Roger Fry

Personal information
- Full name: Roger Norman Fry
- Date of birth: 18 August 1948 (age 77)
- Place of birth: Southampton, England
- Position: Defender

Senior career*
- Years: Team / Apps / (Gls)
- 1967–1973: Southampton / 23 / (0)
- 1973–1977: Walsall / 136 / (0)
- 1977–: Salisbury /  / (8)
- Total:  / 159 / (0)

= Roger Fry (footballer) =

English footballer (born 1948)

Roger Norman Fry (born 18 August 1948) is an English former footballer.

==Playing career==

Fry began his career as a youngster with Southampton Schools, having been a fan of Southampton since he was a young boy.
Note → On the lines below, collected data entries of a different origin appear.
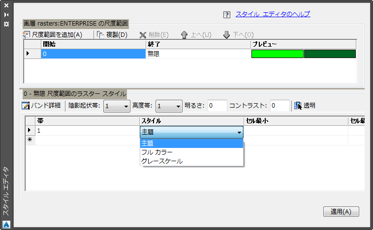 - [スタイル エディタ]の[0 - 無限 尺度範囲のラスター スタイル]で、[スタイル]エントリの下向き矢印をクリックします。[主題]を選択します(既に選択されている場合でも選択します)。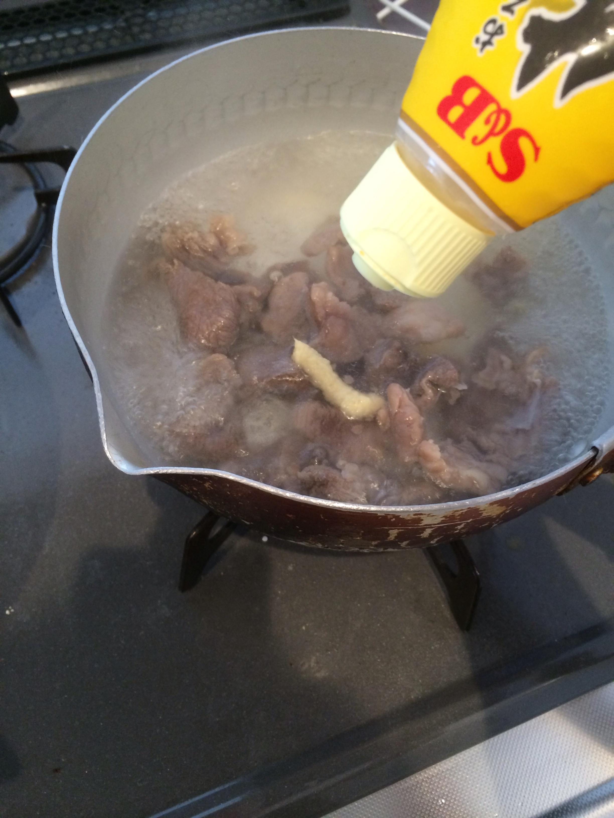 できたら今度は臭み消しに生姜と酒入れて茹でるよー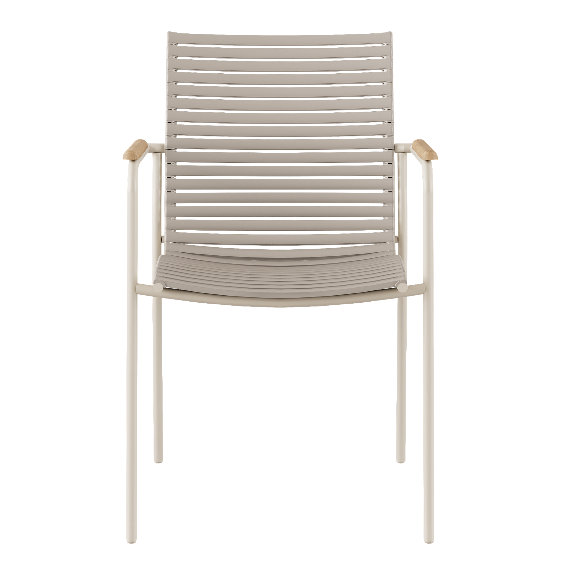 En elegant och lätt stol i sandfärgad aluminium med armstöd i teak och smala, väderbeständiga lameller — skapad för utemiljöer med ett ljust, stilla och modernt uttryck.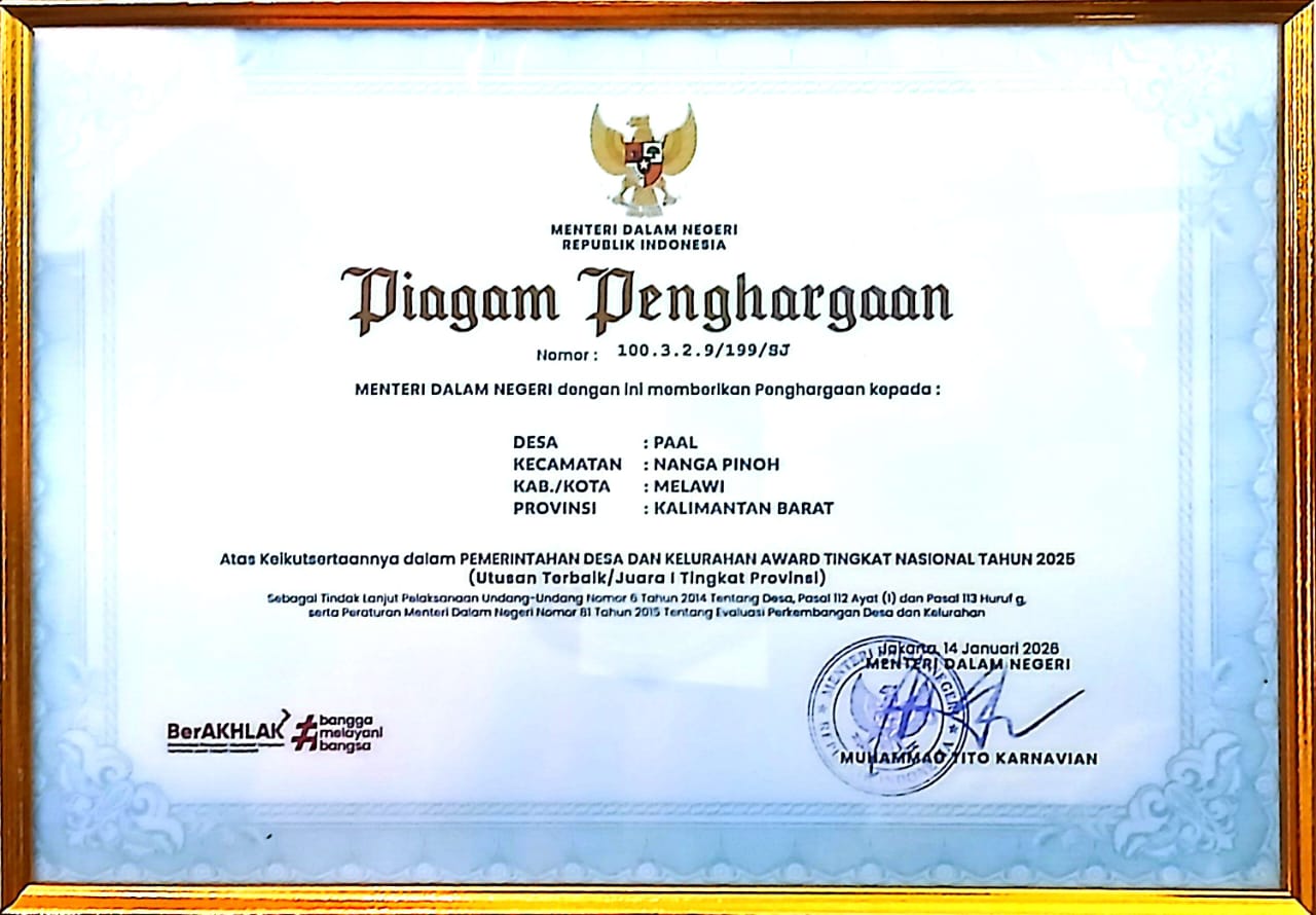 Melalui penghargaan ini, Desa Paal diharapkan dapat menjadi contoh bagi desa-desa lain di Kabupaten Melawi dan Kalimantan Barat dalam mewujudkan pemerintahan desa yang profesional, transparan, dan berorientasi pada kesejahteraan masyarakat. (Ira)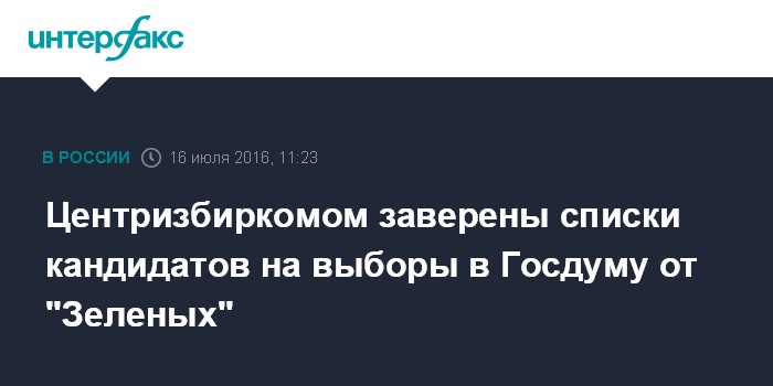 Москва. 16 июля. INTERFAX.RU - ЦИК РФ принял решение заверить федеральный список и список кандидатов по одномандатным округам депутатов в Госдуму от российской экологической партии "Зеленые".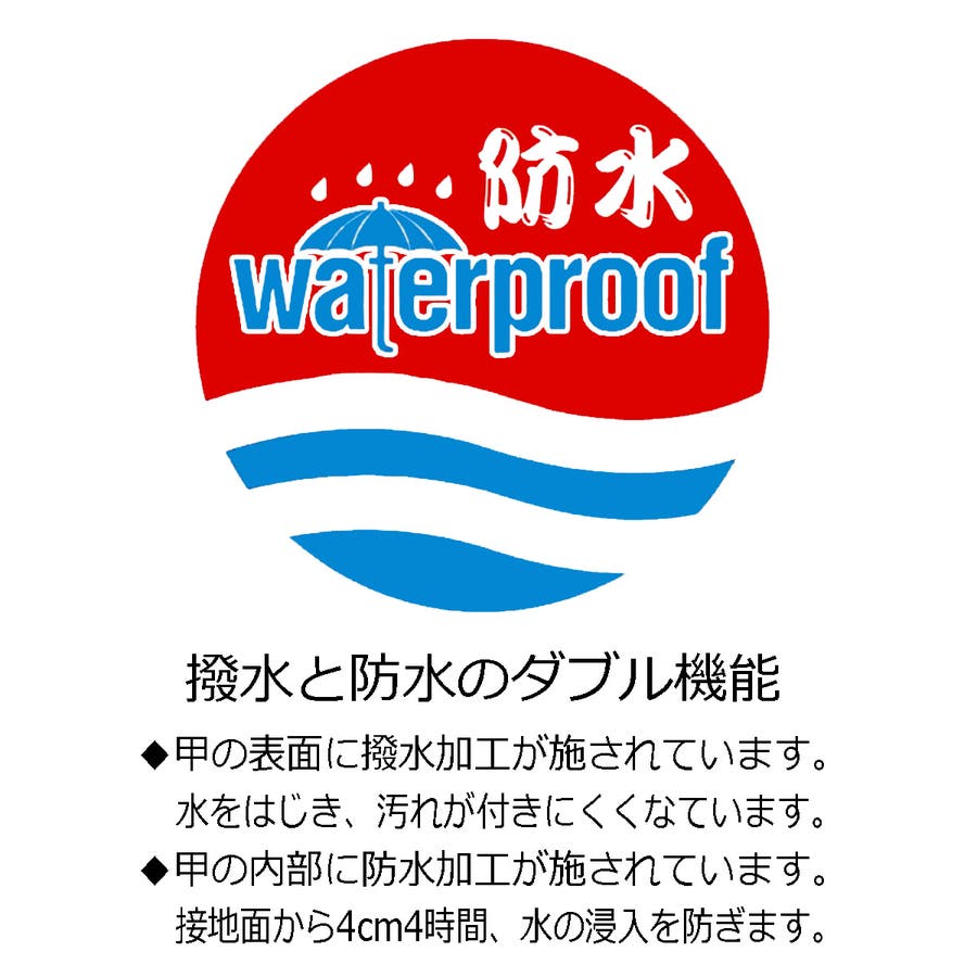 甲の内部に防水加工を施し、接地面から4cm4時間、水の浸入を防ぎます。甲の表面にも撥水加工を施しており、水を弾き汚れがつきにくくなりました。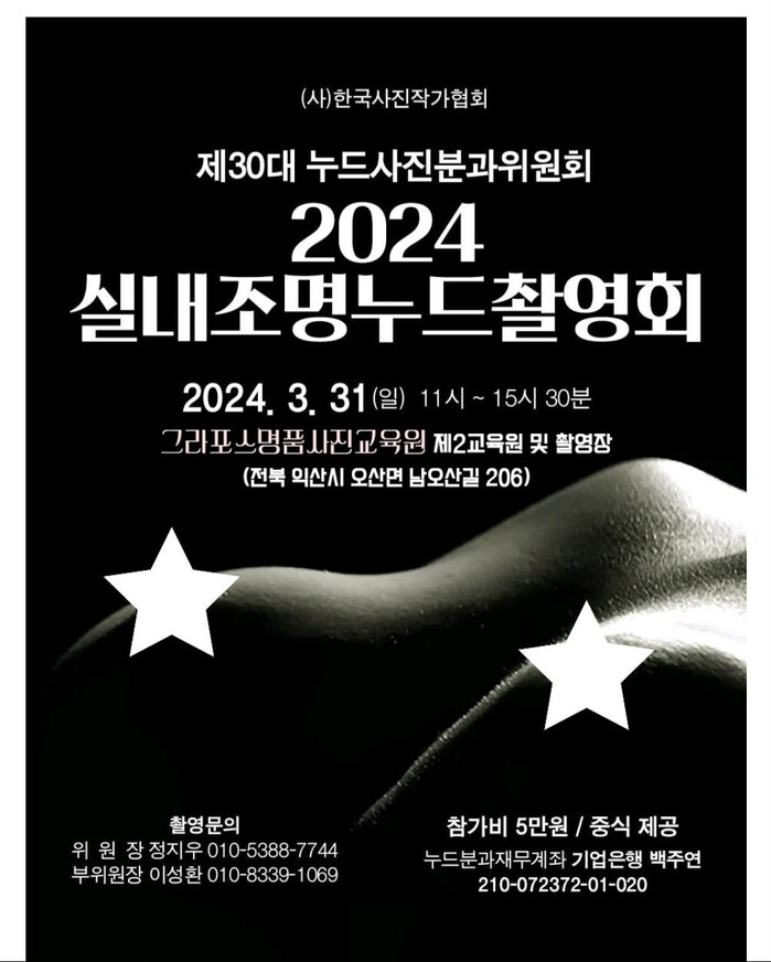 | ▲ (사)한국사진작가협회(이하 사협) 누드사진분과(위원장,정지우)에서 주최하는 <2024 실내조명누드촬영회>가 오는 3월 31(일)일 익산에서 개최한다. |

While working as an apprentice at the docks in Southampton, he was spotted by the club and signed professional terms as a 19-year-old in October 1967. After 3 seasons of reserve football at Southampton he made his debut in the final game of the 1970–71 season against Crystal Palace at The Dell. Facing large amounts of competition for his place, Fry never really had an extended run in the first team but still managed 22 league games and 3 cup appearances over the next season. The following season he suffered a number of injuries and only featured in reserve matches, so he made the move to Walsall in July 1973.

At Walsall, Fry made 136 appearances over the next four seasons, before being released by manager Dave Mackay. He returned south to play for Salisbury City before joining North Baddesley in 1980.